- _Records for processing_
▶

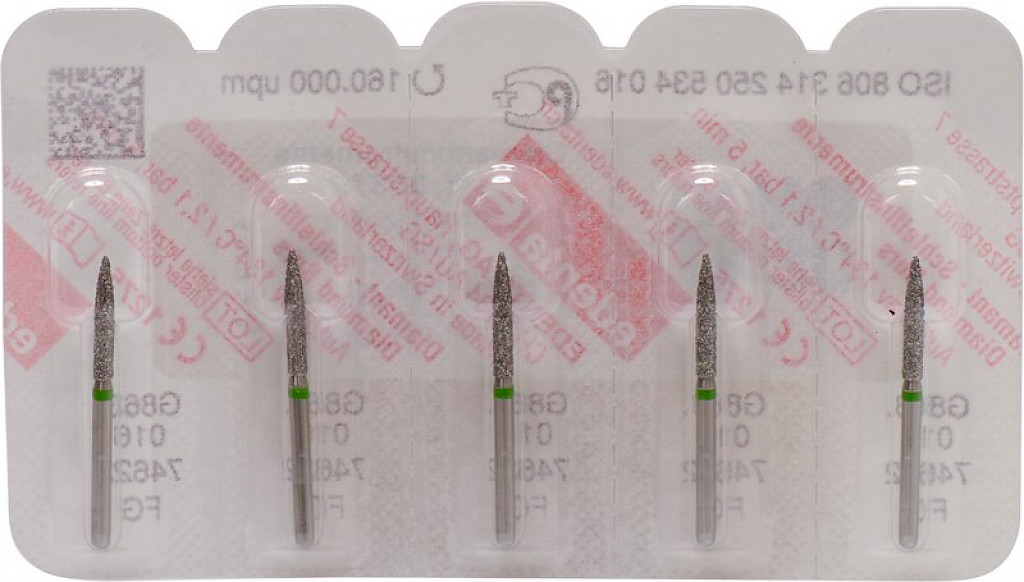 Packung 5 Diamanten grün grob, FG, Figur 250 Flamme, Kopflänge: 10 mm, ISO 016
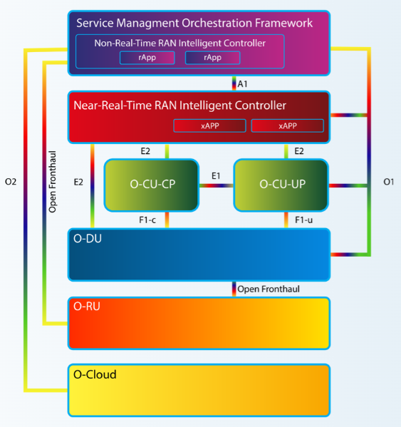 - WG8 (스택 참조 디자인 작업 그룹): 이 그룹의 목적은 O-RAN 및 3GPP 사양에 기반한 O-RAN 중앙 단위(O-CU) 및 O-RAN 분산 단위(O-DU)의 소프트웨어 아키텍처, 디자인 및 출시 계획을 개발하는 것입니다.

◀
▶

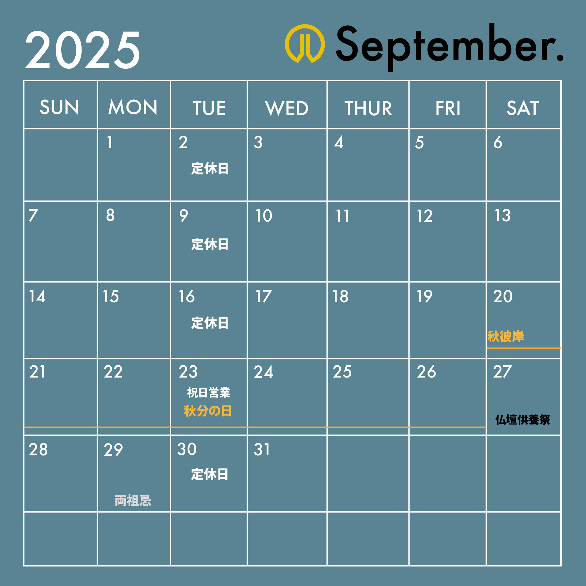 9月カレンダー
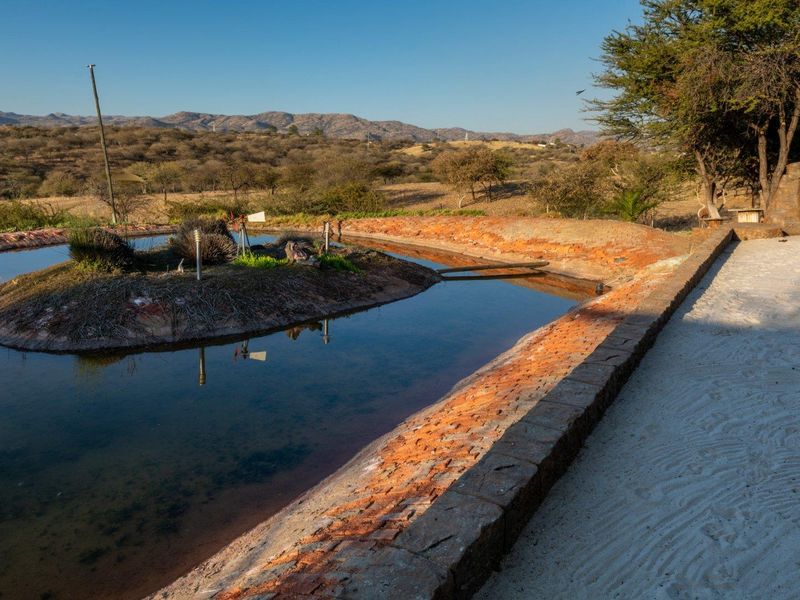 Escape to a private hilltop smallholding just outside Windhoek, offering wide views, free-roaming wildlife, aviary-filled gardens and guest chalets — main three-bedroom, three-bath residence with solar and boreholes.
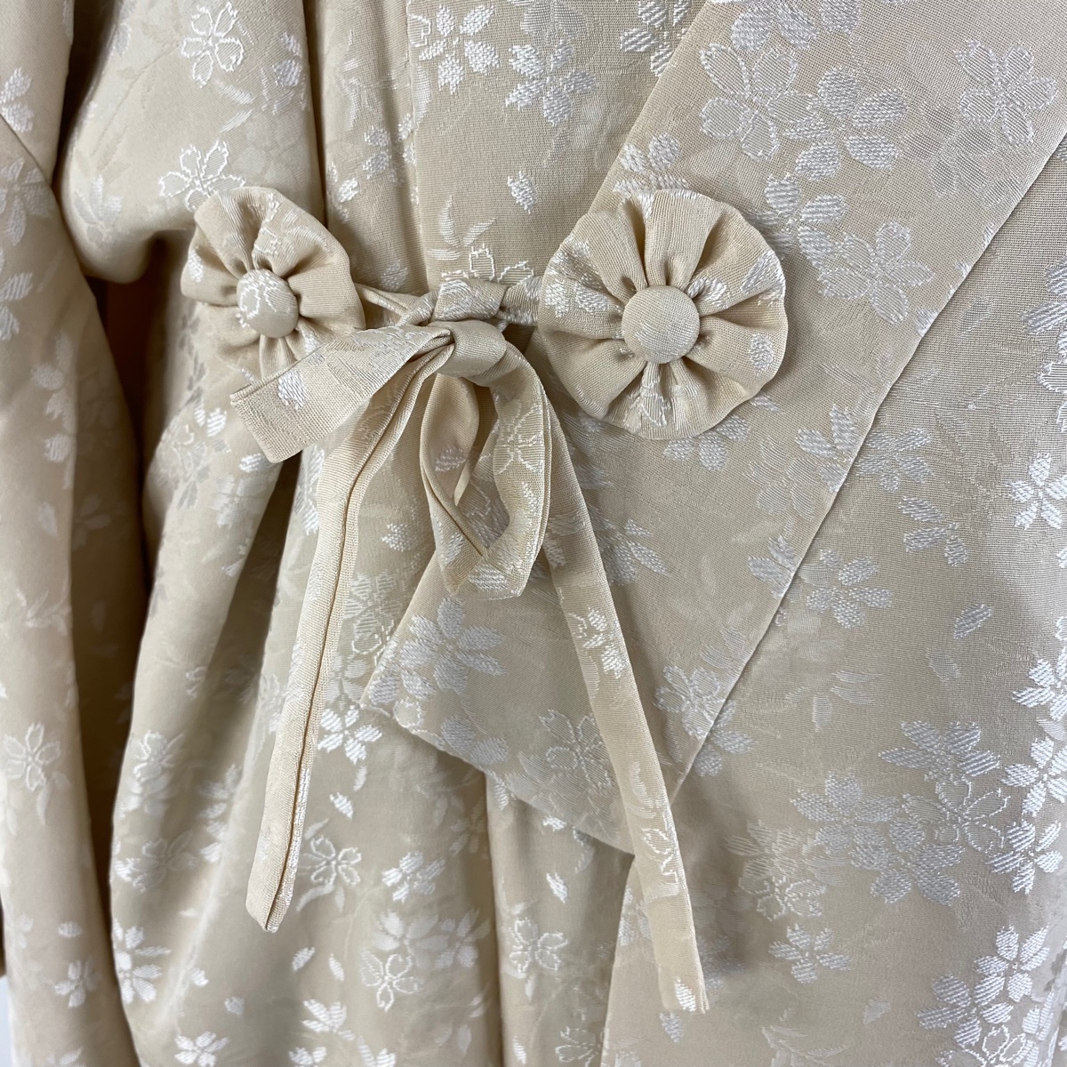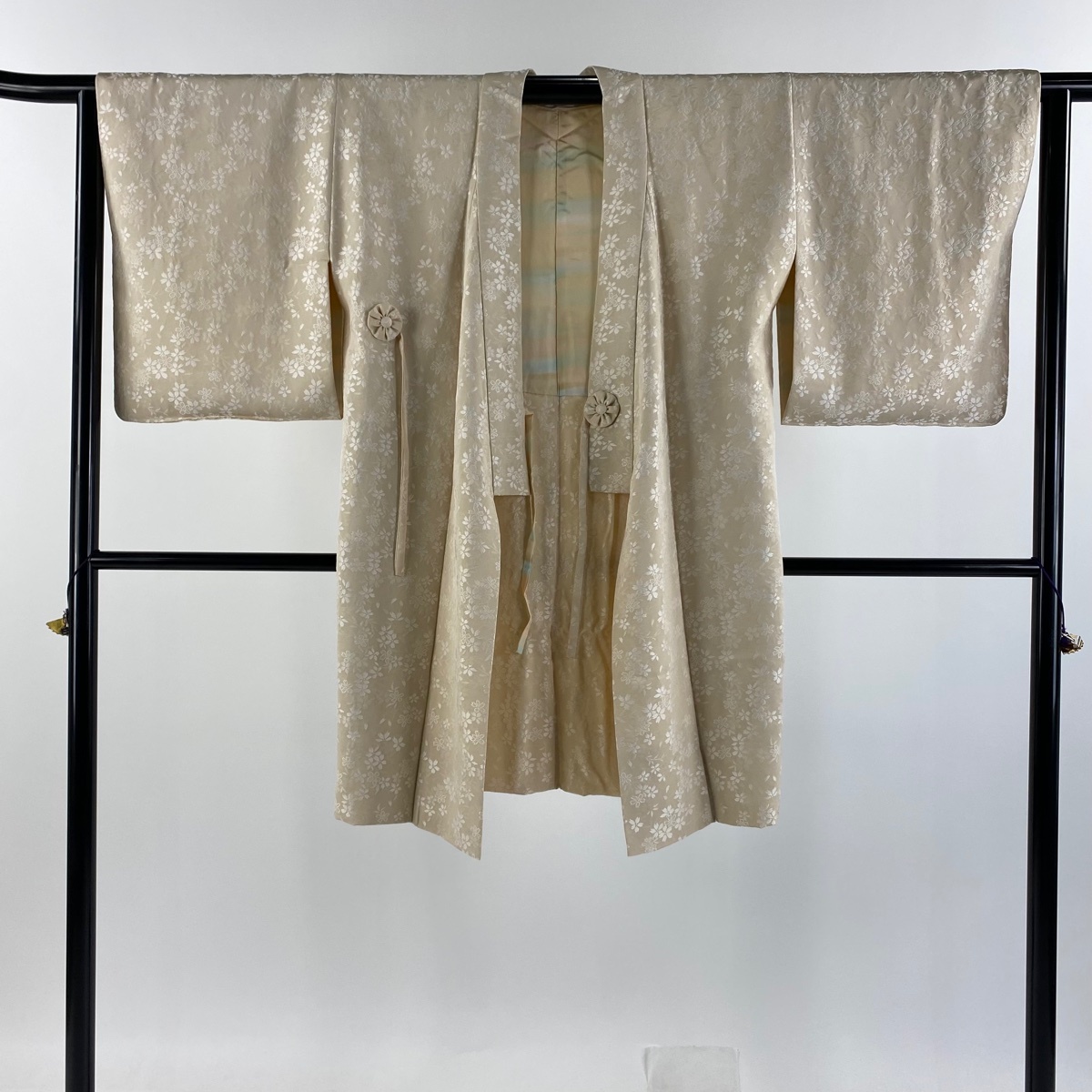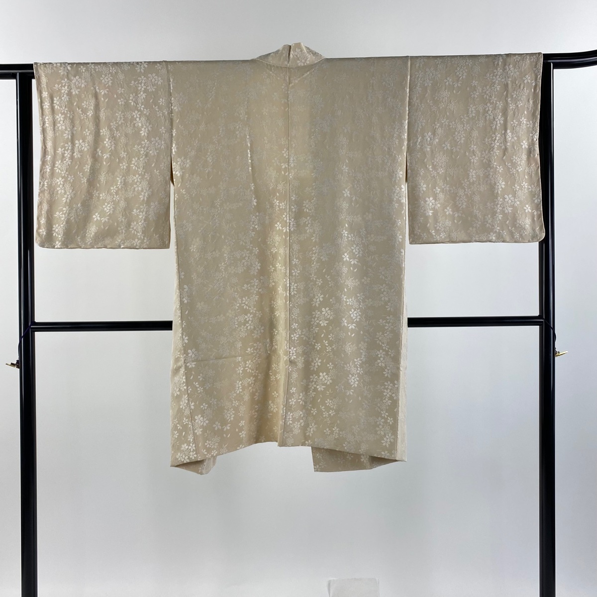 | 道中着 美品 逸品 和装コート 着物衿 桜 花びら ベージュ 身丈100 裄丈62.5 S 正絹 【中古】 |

◀
▶

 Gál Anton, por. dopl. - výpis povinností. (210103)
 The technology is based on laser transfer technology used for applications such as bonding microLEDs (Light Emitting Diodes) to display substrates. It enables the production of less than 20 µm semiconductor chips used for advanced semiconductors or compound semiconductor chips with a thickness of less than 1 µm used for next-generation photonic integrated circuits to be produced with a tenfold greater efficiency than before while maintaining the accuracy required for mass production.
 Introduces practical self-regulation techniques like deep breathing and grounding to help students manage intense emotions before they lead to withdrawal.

◀

- _Work instruction_
Look above for the line with "Gál Anton, por." and the line with "Introduces practical self-regulation", and reproduce exactly those two lines plus every line between, nothing more.

- _Worked solution_
 Gál Anton, por. dopl. - výpis povinností. (210103)
 The technology is based on laser transfer technology used for applications such as bonding microLEDs (Light Emitting Diodes) to display substrates. It enables the production of less than 20 µm semiconductor chips used for advanced semiconductors or compound semiconductor chips with a thickness of less than 1 µm used for next-generation photonic integrated circuits to be produced with a tenfold greater efficiency than before while maintaining the accuracy required for mass production.
 Introduces practical self-regulation techniques like deep breathing and grounding to help students manage intense emotions before they lead to withdrawal.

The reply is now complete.